Re: [PATCH] fbdev: defio: fix the pagelist corruption

[Date Prev][Date Next][Thread Prev][Thread Next][Date Index][Thread Index]

 



Dear Chuansheng,


Am 28.03.22 um 02:58 schrieb Liu, Chuansheng:

-----Original Message-----

Sent: Saturday, March 26, 2022 4:11 PM

Am 17.03.22 um 06:46 schrieb Chuansheng Liu:
Easily hit the below list corruption:
==
list_add corruption. prev->next should be next (ffffffffc0ceb090), but
was ffffec604507edc8. (prev=ffffec604507edc8).
WARNING: CPU: 65 PID: 3959 at lib/list_debug.c:26
__list_add_valid+0x53/0x80
CPU: 65 PID: 3959 Comm: fbdev Tainted: G     U
RIP: 0010:__list_add_valid+0x53/0x80
Call Trace:
   <TASK>
   fb_deferred_io_mkwrite+0xea/0x150
   do_page_mkwrite+0x57/0xc0
   do_wp_page+0x278/0x2f0
   __handle_mm_fault+0xdc2/0x1590
   handle_mm_fault+0xdd/0x2c0
   do_user_addr_fault+0x1d3/0x650
   exc_page_fault+0x77/0x180
   ? asm_exc_page_fault+0x8/0x30
   asm_exc_page_fault+0x1e/0x30
RIP: 0033:0x7fd98fc8fad1
==

Figure out the race happens when one process is adding &page->lru into
the pagelist tail in fb_deferred_io_mkwrite(), another process is
re-initializing the same &page->lru in fb_deferred_io_fault(), which is
not protected by the lock.

This fix is to init all the page lists one time during initialization,
it not only fixes the list corruption, but also avoids INIT_LIST_HEAD()
redundantly.

Fixes: 105a940416fc ("fbdev/defio: Early-out if page is already enlisted")
Cc: Thomas Zimmermann <tzimmermann@xxxxxxx>
Signed-off-by: Chuansheng Liu <chuansheng.liu@xxxxxxxxx>
---
   drivers/video/fbdev/core/fb_defio.c | 9 ++++++++-
   1 file changed, 8 insertions(+), 1 deletion(-)

diff --git a/drivers/video/fbdev/core/fb_defio.c b/drivers/video/fbdev/core/fb_defio.c
index 98b0f23bf5e2..eafb66ca4f28 100644
--- a/drivers/video/fbdev/core/fb_defio.c
+++ b/drivers/video/fbdev/core/fb_defio.c
@@ -59,7 +59,6 @@ static vm_fault_t fb_deferred_io_fault(struct vm_fault *vmf)
   		printk(KERN_ERR "no mapping available\n");

   	BUG_ON(!page->mapping);
-	INIT_LIST_HEAD(&page->lru);
   	page->index = vmf->pgoff;

   	vmf->page = page;
@@ -220,6 +219,8 @@ static void fb_deferred_io_work(struct work_struct *work)
   void fb_deferred_io_init(struct fb_info *info)
   {
   	struct fb_deferred_io *fbdefio = info->fbdefio;
+	struct page *page;
+	int i;

   	BUG_ON(!fbdefio);
   	mutex_init(&fbdefio->lock);
@@ -227,6 +228,12 @@ void fb_deferred_io_init(struct fb_info *info)
   	INIT_LIST_HEAD(&fbdefio->pagelist);
   	if (fbdefio->delay == 0) /* set a default of 1 s */
   		fbdefio->delay = HZ;
+
+	/* initialize all the page lists one time */
+	for (i = 0; i < info->fix.smem_len; i += PAGE_SIZE) {
+		page = fb_deferred_io_page(info, i);
+		INIT_LIST_HEAD(&page->lru);
+	}
   }
   EXPORT_SYMBOL_GPL(fb_deferred_io_init);

Applying your patch on top of current Linus’ master branch, tty0 is
unusable and looks frozen.

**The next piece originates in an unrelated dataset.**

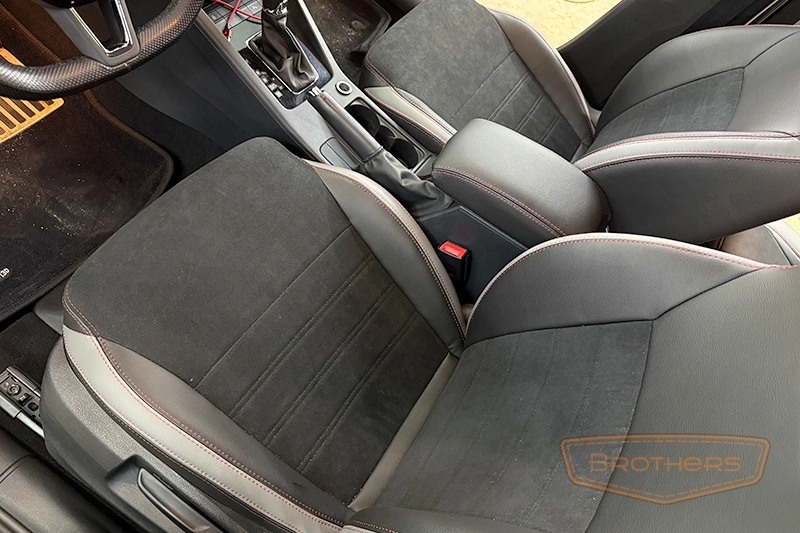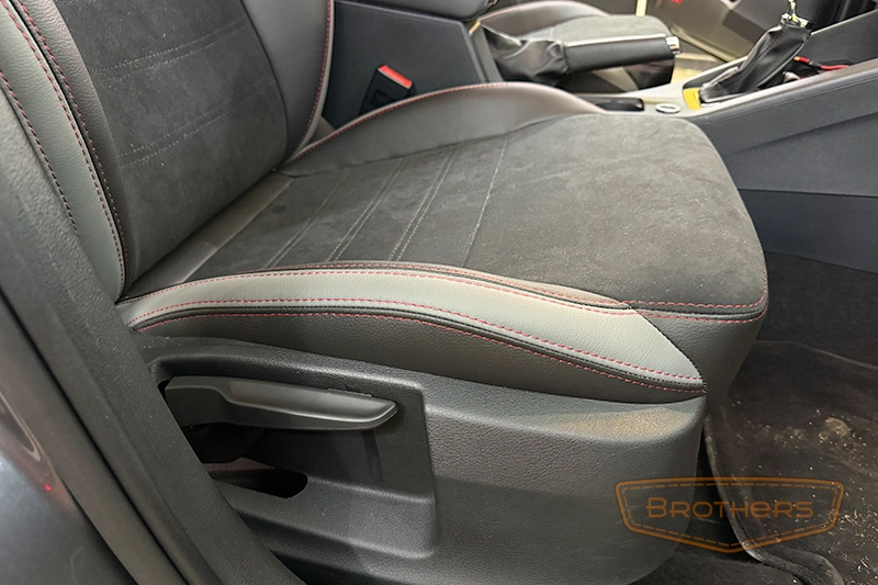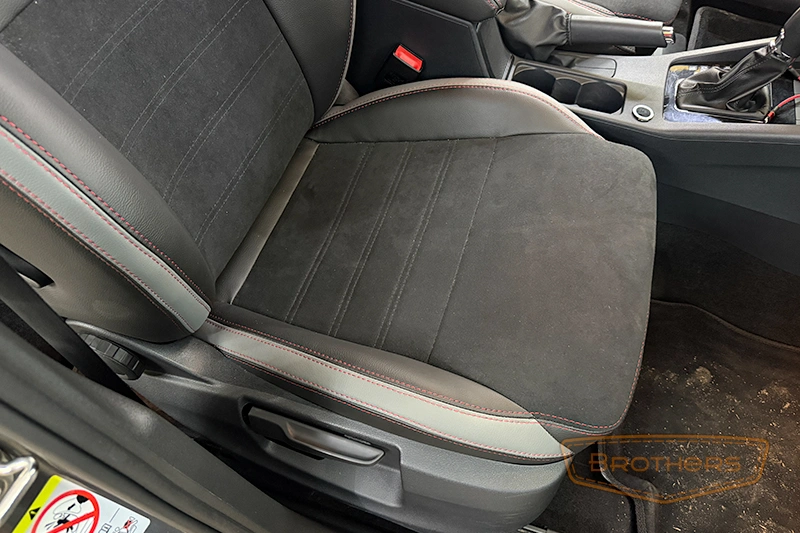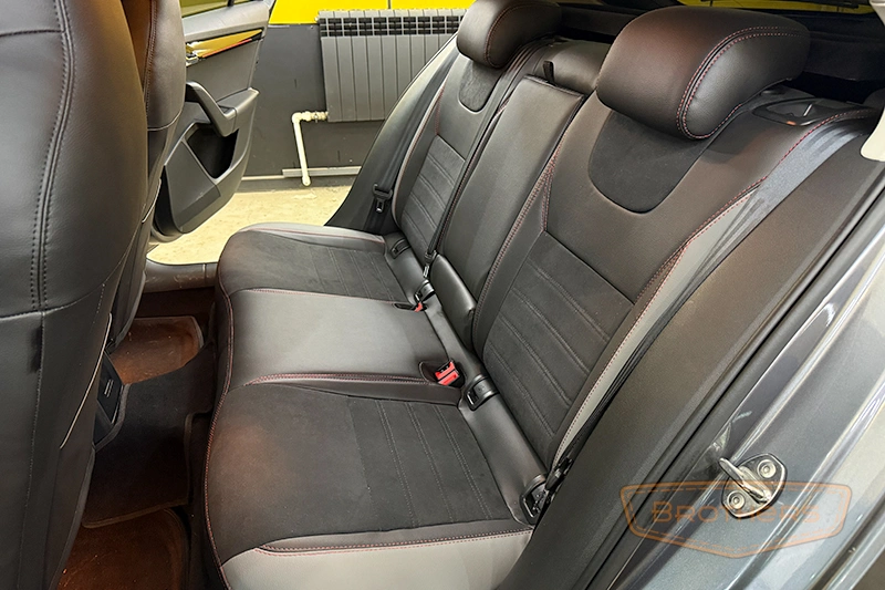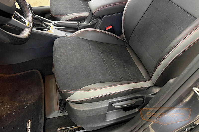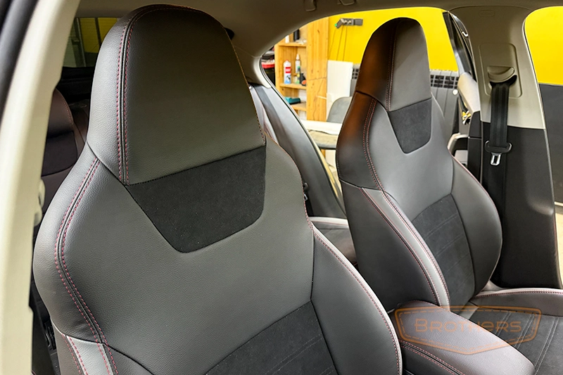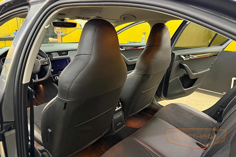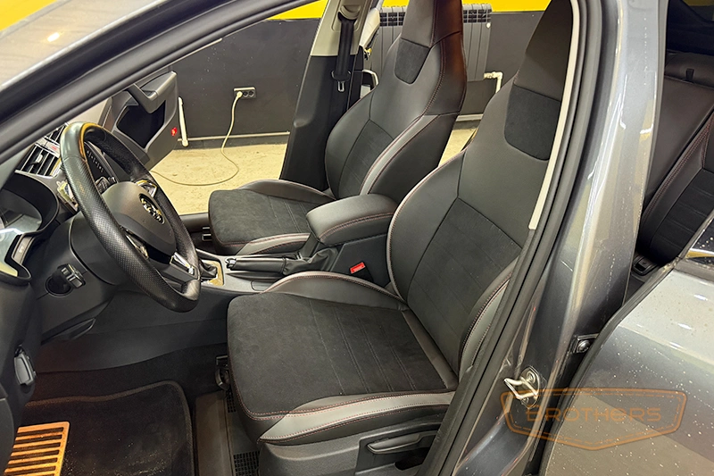 Чехлы на сиденья сшиты по лекалам кресел Skoda Octavia A7 (Hockey Edition) и в точности повторяют их анатомию. Комплект выполнен из российской экокожи "ULTRA", вставки из итальянской алькантары.
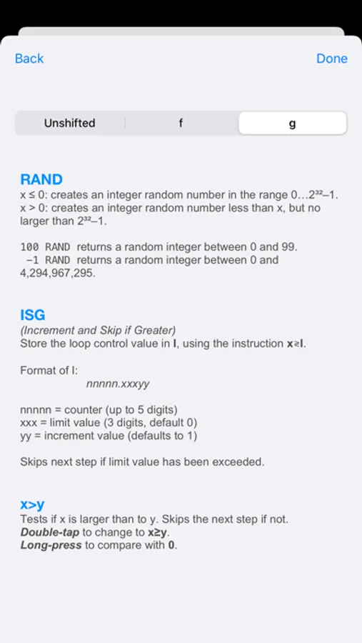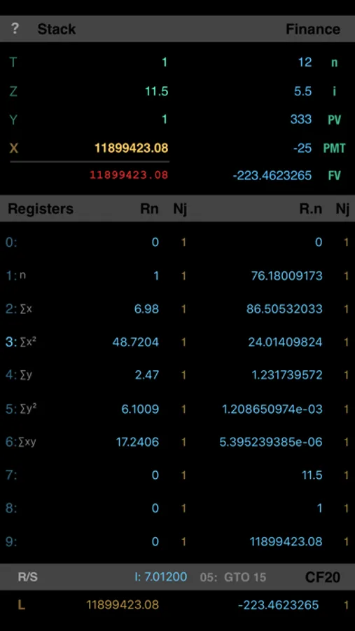 • 20 registers, "continuous", with unlimited store/recall arithmetic

Sometimes network card still works, sometimes
not.

I don't see how the patch would cause below BUG call stack, need some time to
debug. Just few comments:
1. Will the system work well without this patch?

Yes, the framebuffer works well without the patch.

2. When you are sure the patch causes the regression you saw, please get free to submit
one reverted patch, thanks : )

I think you for patch wasn’t submitted yet – at least not pulled by Linus.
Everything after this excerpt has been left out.